A named vector with coefficients of the specified distribution parameter.

Author(s)

Jaime Mosquera Gutiérrez, [email protected]

Examples

library(EstimationTools)

#--------------------------------------------------------------------------------
# Example 1: coefficients from a model using a simulated normal distribution
n <- 1000
x <- runif(n = n, -5, 6)
y <- rnorm(n = n, mean = -2 + 3 * x, sd = exp(1 + 0.3* x))
norm_data <- data.frame(y = y, x = x)

# It does not matter the order of distribution parameters
formulas <- list(sd.fo = ~ x, mean.fo = ~ x)

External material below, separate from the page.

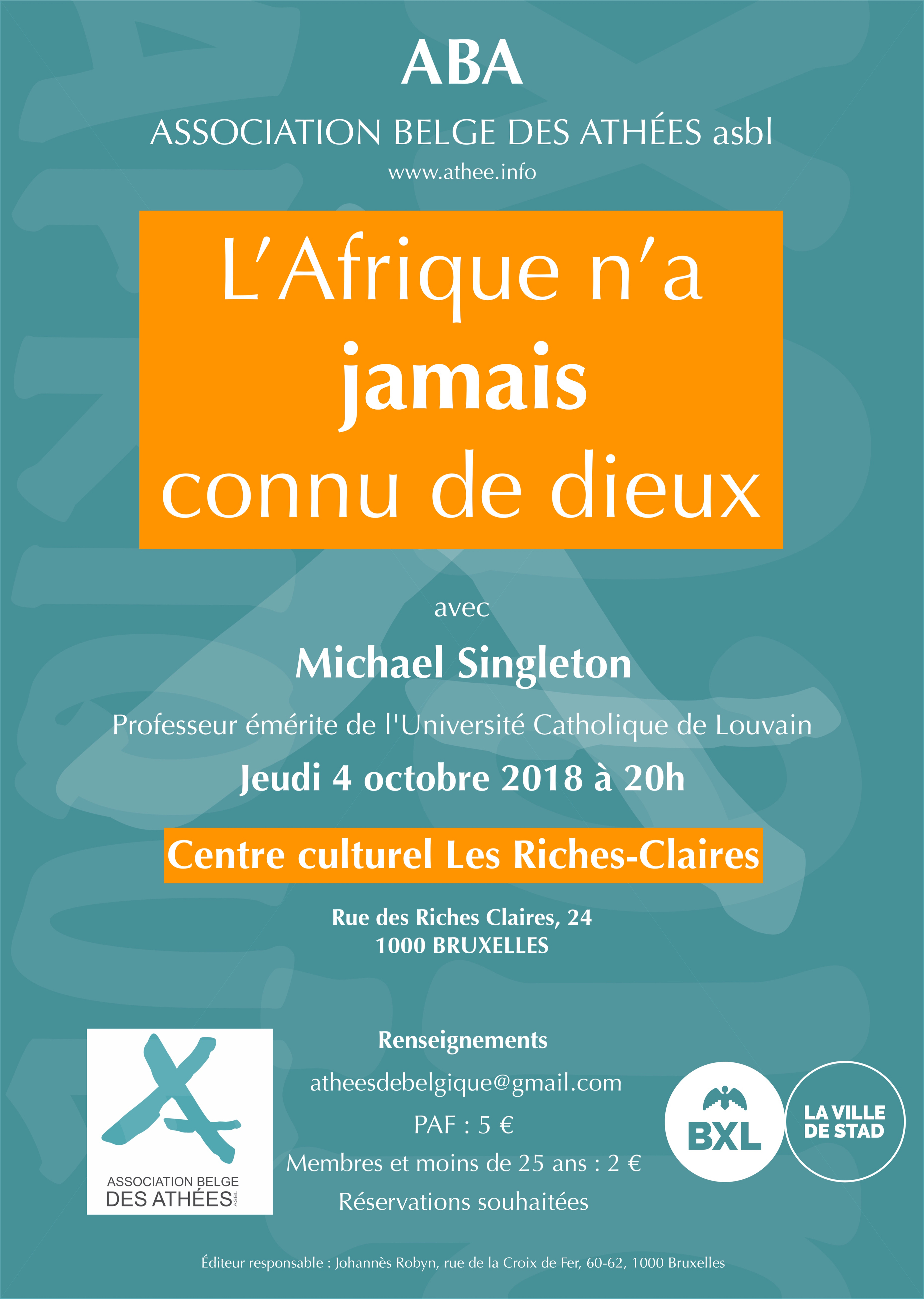 Dès 2014, l’Association Belge des Athées s’est souciée d’approfondir le sens de l’athéisme et de la religion dans les diverses parties du monde, notamment en Asie et en Extrême-Orient, mais n’avait pas pu encore examiner la problématique africaine.

norm_mod <- maxlogLreg(formulas, y_dist = y ~ dnorm, data = norm_data,
                       link = list(over = "sd", fun = "log_link"))
coef(norm_mod)
coef(norm_mod, parameter = 'sd')
a <- coefMany(norm_mod, parameter = c('mean', 'sd'))
b <- coefMany(norm_mod)
identical(a, b)


#--------------------------------------------------------------------------------
# Example 2: Parameters in estimation with one fixed parameter
x <- rnorm(n = 10000, mean = 160, sd = 6)
theta_1 <- maxlogL(x = x, dist = 'dnorm', control = list(trace = 1),
                 link = list(over = "sd", fun = "log_link"),
                 fixed = list(mean = 160))
coef(theta_1)


#--------------------------------------------------------------------------------

---

Cumulative hazard functions for any distribution

Description

This function takes a maxlogL hazard function and computes the cumulative hazard function.

Usage

cum_hazard_fun(
  distr,
  support = NULL,
  method = c("log_sf", "integration"),
  routine = NULL
)

Arguments

distr	a length-one character vector with the name of density/mass function of interest.
support	a list with the following entries: interval: a two dimensional atomic vector indicating the set of possible values of a random variable having the distribution specified in y_dist. type: character indicating if distribution has a discrete or a continous random variable.
method	a character or function; if "log_sf", the cumulative hazard function (CHF) is computed using the expression $H(t) = -\log (S(t))$; if "integrate_hf", the CHF is computed with the integral of the hazard function.
routine	a character specifying the integration routine. integrate and gauss_quad are available for continuous distributions, and summate for discrete ones. Custom routines can be defined but they must be compatible with the integration API.

Value

A function with the following input arguments:

x	vector of (non-negative) quantiles.
...	Arguments of the probability density/mass function.

Author(s)

Jaime Mosquera Gutiérrez, [email protected]

See Also

Other distributions utilities: expected_value(), hazard_fun()

Examples

library(EstimationTools)

#----------------------------------------------------------------------------
# Example 1: Cumulative hazard function of the Weibull distribution.
support <- list(interval=c(0, Inf), type='continuous')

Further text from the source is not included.